# Which one is the best John Deere tractor ?



## mikeradd (Jul 2, 2014)

Hello TF Members,

I am new to the TractorForum.com and thank you TF.

I am conducting a survey to know best John Deere tractors from different individuals who own or know john deere tractors better and could tell us which one among the following are best. Every vote is valuable to me. 

http://www.surveygizmo.com/s3/1717162/John-Deere-Tractors

Please follow the link and submit your answers. Thanks in advance. 

Also please let me know if I have missed any of the tractor I should include in the options. 

Good day all!
Mahynder


----------



## ben70b (Aug 29, 2012)

Interesting choices you have there, I think most two cylinder guys would vote for the 730 but I've herd a lot of old farmers claim the 4020 was the bust tractor ever made. The 4020 we have on the farm seems to be bullet proof. I think grandpa has had it over thirty years and up til about ten years ago he still planted corn with it. I'm surprised you don't have the 4440 on your list. Most of my generation consider it the best tractor Deere made and many are still using them as planter tractors. Deere claims the 4440 was the least worked on tractor in their shops. We plant over 900 acres with one every year and this may be it's last year, retiring only based on size and technology. I see you have an lp tractor and a high crop on your list. Maybe your list is based on best john Deere tractor to look at?


Would you rather pay a buck for a burger or eat a free sh!t sandwich?


----------



## mikeradd (Jul 2, 2014)

Hello Ben, Thank you very much for taking time and participating in my poll. Yes you are right. I have been conducting this survey on couple of other forums also and turned out 730 got most votes.

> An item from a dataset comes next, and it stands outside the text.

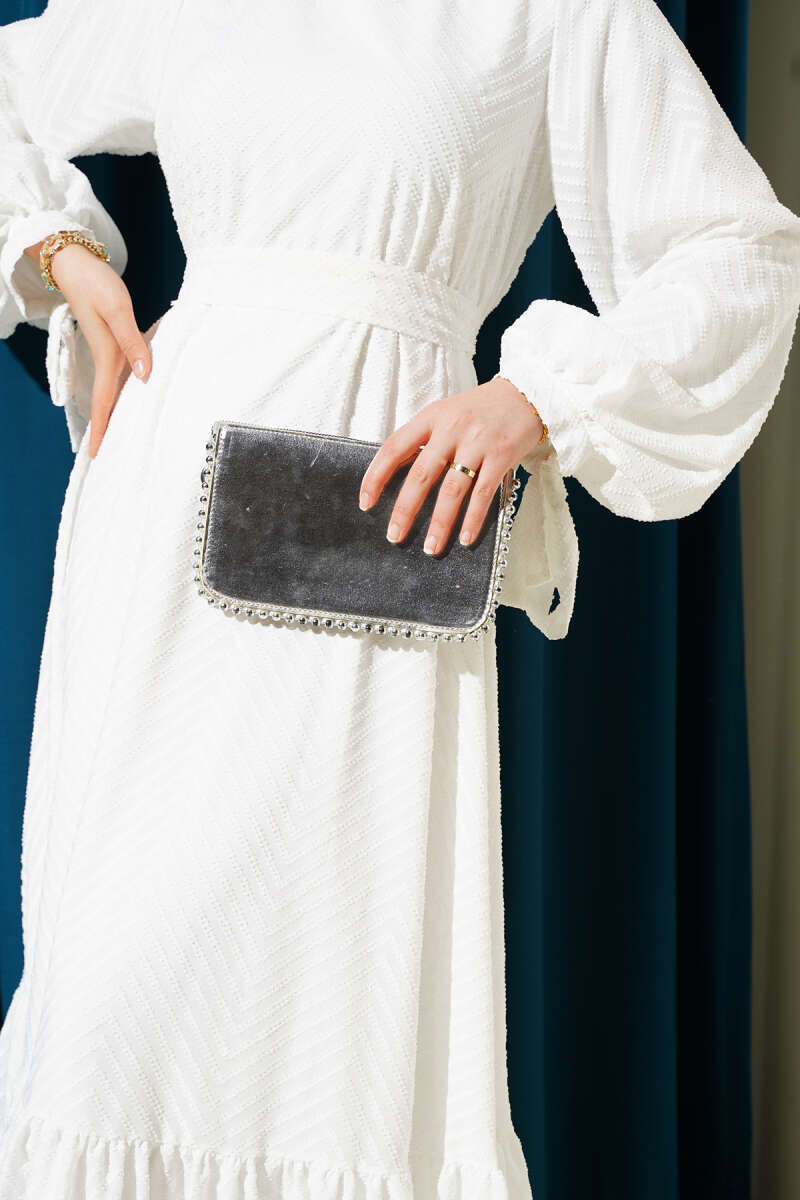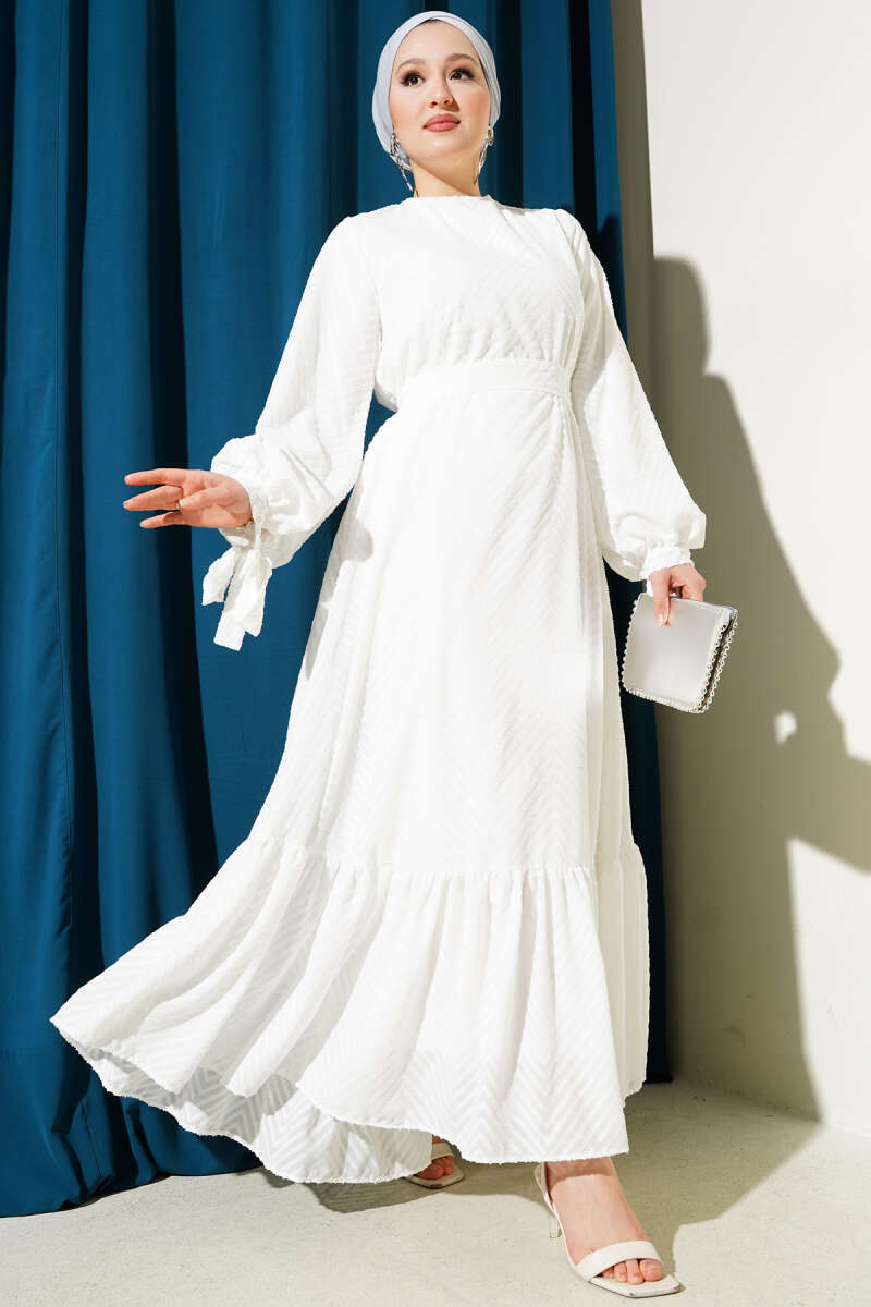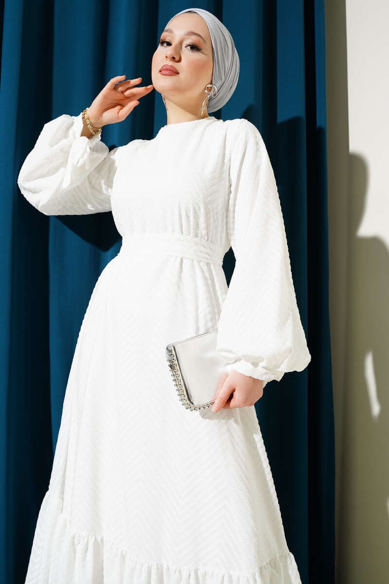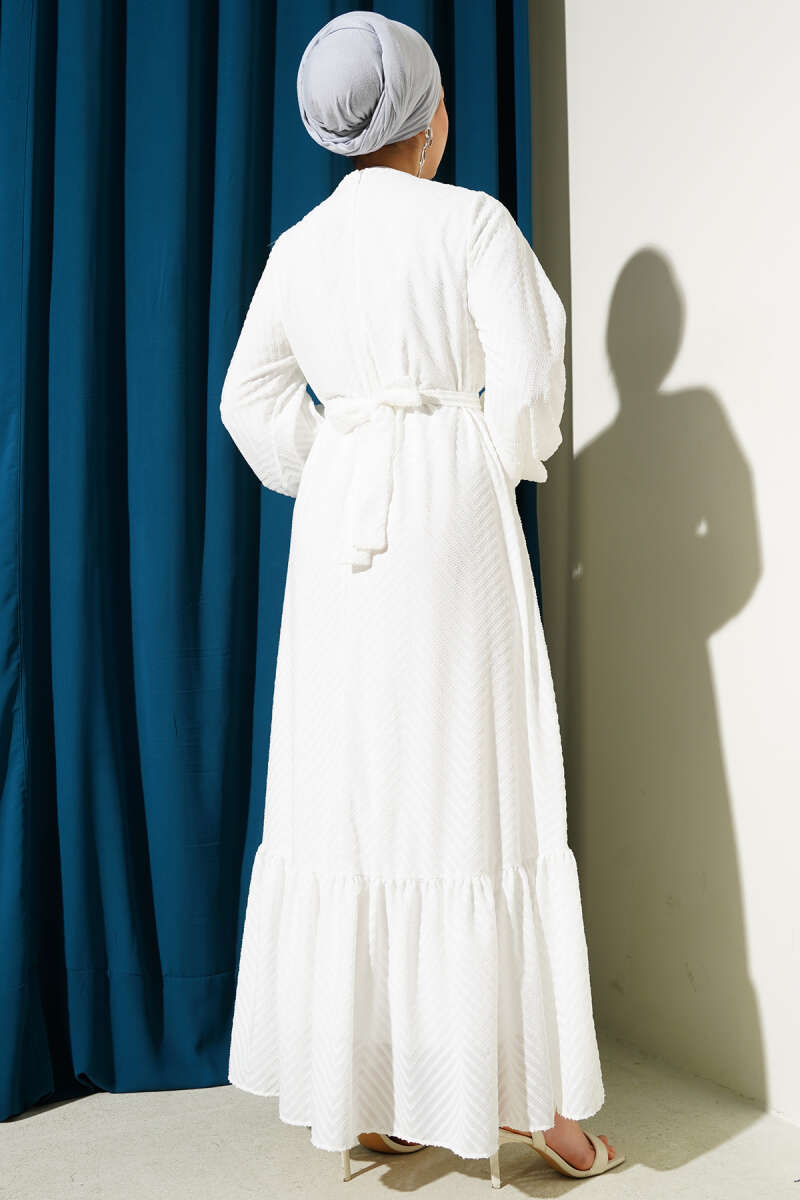 Kabartmalı Volanlı Kuşaklı Elbise Beyaz

And yes I will include 4440 in my next survey and this survey is for one of my company's experiment. I am not into farming but my dad works on some commercial agriculture crops every year.


----------



## MBTRAC (May 28, 2012)

Agreed JD4440 hands down & closely followed by the JD6030 . 

And the worst JD8440 an absolute heap of junk.


----------



## ben70b (Aug 29, 2012)

I've never been exposed to the 6030, I would like the opportunity to run one someday, I guess you speak of the 8440 four wheel drive? I've never herd anything good about the 8430 4x4 either


Sent from my iPhone using Tractor Forum


----------